Whether you're an insurance company trying to detect fraud, an oil company analyzing exploration data to find that next lucrative well, or a retailer who needs to optimize pricing of merchandise, the issue is the same: too much data, and not enough time and horsepower to do a thorough analysis of it. How can you process data in the optimum amount of time?
One huge bottleneck is moving the data from where it's stored on a hard disk into the computer's memory, where computations happen. It takes time to access a disk, find the right data and transfer it to memory, and even fractions of a second count when you're working with millions of records. In many cases, companies solve the problem by analyzing only a representative subset of the data, hoping that the result is the same had they analyzed all of it.
The solution? In-memory computing – bypassing the disk and storing the data in the machine's main memory during computations, according to vendors such as Software AG, SAP AG, Tibco Software and SAS Institute. Analysts at research firm Gartner agree, naming in-memory computing as one of the top 10 strategic technology trends for 2012.

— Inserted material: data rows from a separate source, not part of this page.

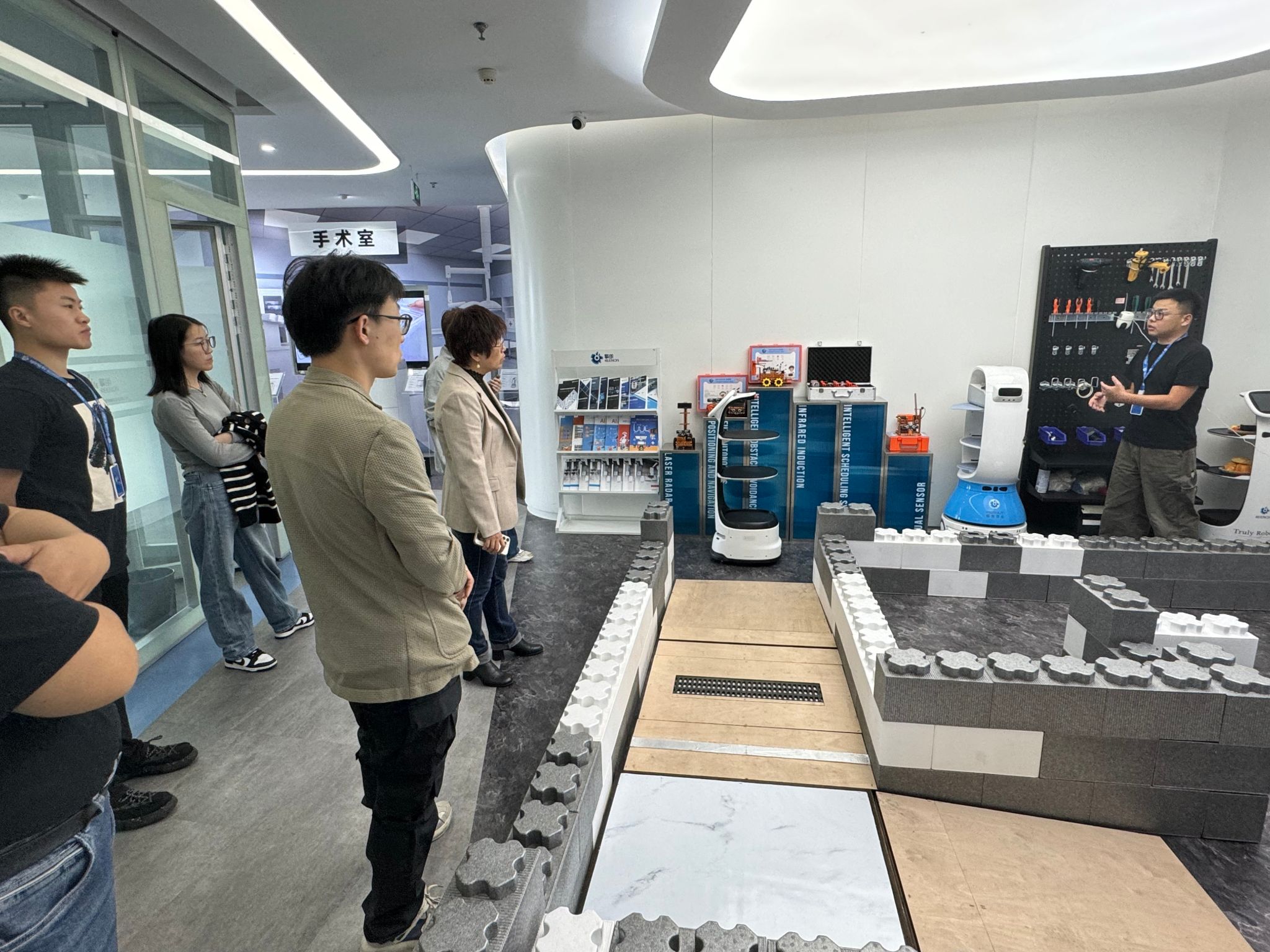 交流活动中,上海擎朗智能科技有限公司解决方案总监张竞宇,产品总监刘宏韬对重庆移通学院一行的到来表示热烈欢迎,并详细介绍了公司的发展历程、核心技术、市场应用及未来规划。擎朗智能在环境感知、预测决策、运动控制等关键技术环节取得了显著突破,其产品在全球范围内得到了广泛应用。
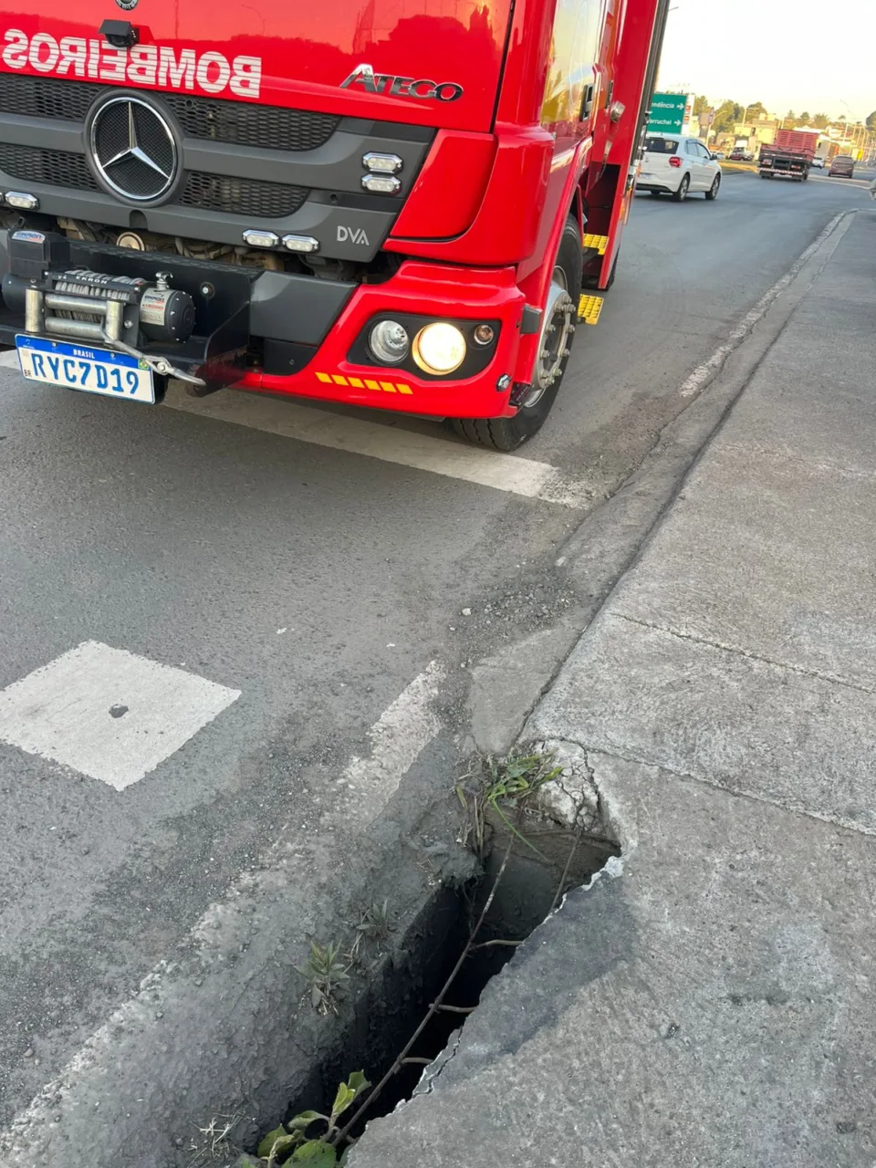 Após a ocorrência, a guarnição ABTR-206 permaneceu no local para sinalizar a boca de lobo e evitar novos acidentes, já que as grades quebradas representavam risco para pedestres e veículos que passam pela rodovia.
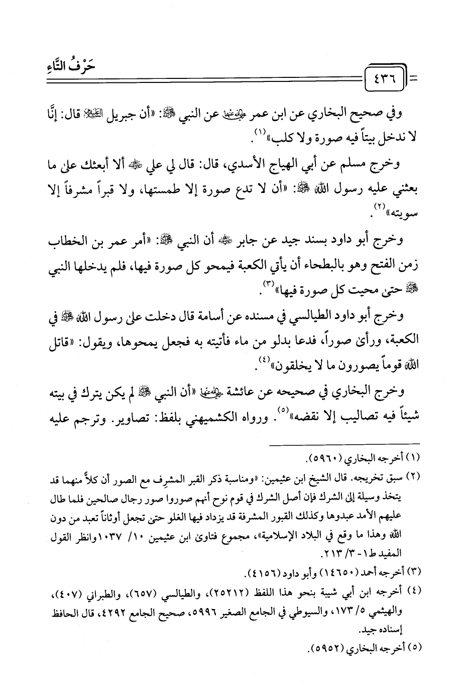 (¬٢) سبق تخريجه. قال الشيخ ابن عثيمين: "ومناسبة ذكر القبر المشرِف مع الصور أن كلًّا منهما قد يتخذ وسيلة إلى الشرك فإن أصل الشرك في قوم نوح أنهم صوروا صور رجال صالحين فلما طال عليهم الأمد عبدوها وكذلك القبور المشرفة قد يزداد فيها الغلو حتى تجعل أوثانًا تعبد من دون الله وهذا ما وقع في البلاد الإسلامية"، مجموع فتاوى ابن عثيمين ١٠/ ١٠٣٧ وانظر القول المفيد ط ١ - ٣/ ٢١٣.
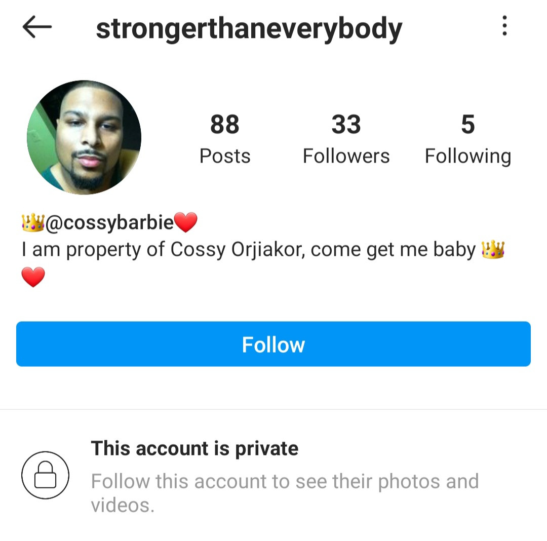His bio reads: “I am property of Cossy Ojiakor. Come get me baby.”
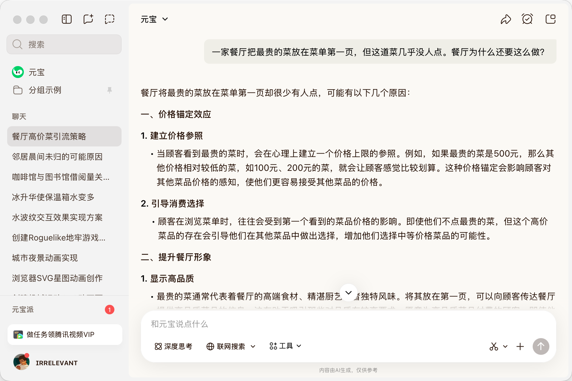 The third question asked why restaurants place their most expensive, unordered dishes on the first menu page. It correctly identified the "price anchoring effect," explaining that the dish's purpose isn't to be ordered but to make subsequent dishes seem reasonably priced. It also noted that placing it on the first page (rather than the last) maximizes the impact of the initial number on subsequent judgments—a detail it inferred independently, deserving praise.

Tech companies are taking two approaches. In the one espoused by Software AG, the entire database is permanently stored in memory rather than on disk. With its Next-Generation Data Management Platform, based on Terracotta BigMemory technology, the company claims that running a risk analysis of a large amount of data can drop to 45 seconds from 45 minutes because the data is already readily available.
In fact, Karl-Heinz Streibich, Software AG's chief executive officer, says the traditional disk-based SQL database is nearing the end of its usefulness in handling large volumes of data. With the cost of in-memory technology falling, real-time analytics have become practical.
Now that memory has become inexpensive, it's feasible to store gigabytes (a gigabyte is 1024 megabytes), or even petabytes (1,048,576 gigabytes), of data exclusively in memory.
How inexpensive is it? One megabyte that would have cost $90 in 1990 goes for a whopping half a cent today, according to computer scientist and researcher John C. McCallum's listing of prices dating back to 1957 on jcmit.com.
Does in-memory storage spell the end of the hard disk? Probably not – there are excellent reasons to continue to use them for some applications. But it allows users choice.
Another approach to in-memory computing, taken by the SAS Institute, combines parallel processing with in-memory technology. Its new LASR analytic server, part of its High Performance Analytics platform, can process a billion rows of data in minutes, or even seconds, rather than hours or days. That means business decisions can happen quickly, rather than lagging far behind the results that drove them.
Parallel processing has been around for a while, but not in mainstream computing. Think of it this way: if you have a giant jar of jellybeans to count all by yourself, it'll take quite a while, but if you gather some friends, pour the candies into separate dishes, and let each person count their own dish, it goes a lot quicker. Add up the totals your pals have come up with, and you have a result in a fraction of the time it would have taken to count the jellybeans yourself. That's parallel processing.
In SAS's world, the jar of jellybeans is a database. The company has built technology that divvies up the records and stashes them in the memories of a bunch of interlinked computers so the data is virtually instantly accessible. Each computer processes its own subset of the data, then the results are combined to give you your answer. At a recent conference in Orlando, Fla., the company demonstrated the technology with one billion records, whipping through them in 32 seconds on the LASR server (which was composed of 48 blade computers processing in parallel).
In each approach, the critical component is memory. Lots and lots of memory, and of course software that can work with it. The more data you need to process at once, the more important it is to do the work in memory so you get results quickly. Quick results mean quick decisions – or the time to adjust the analysis and try again.
Jim Davis, SAS's chief marketing officer, believes in-memory computing is on its way to becoming a commodity. And the way memory prices are dropping, it's a distinct possibility.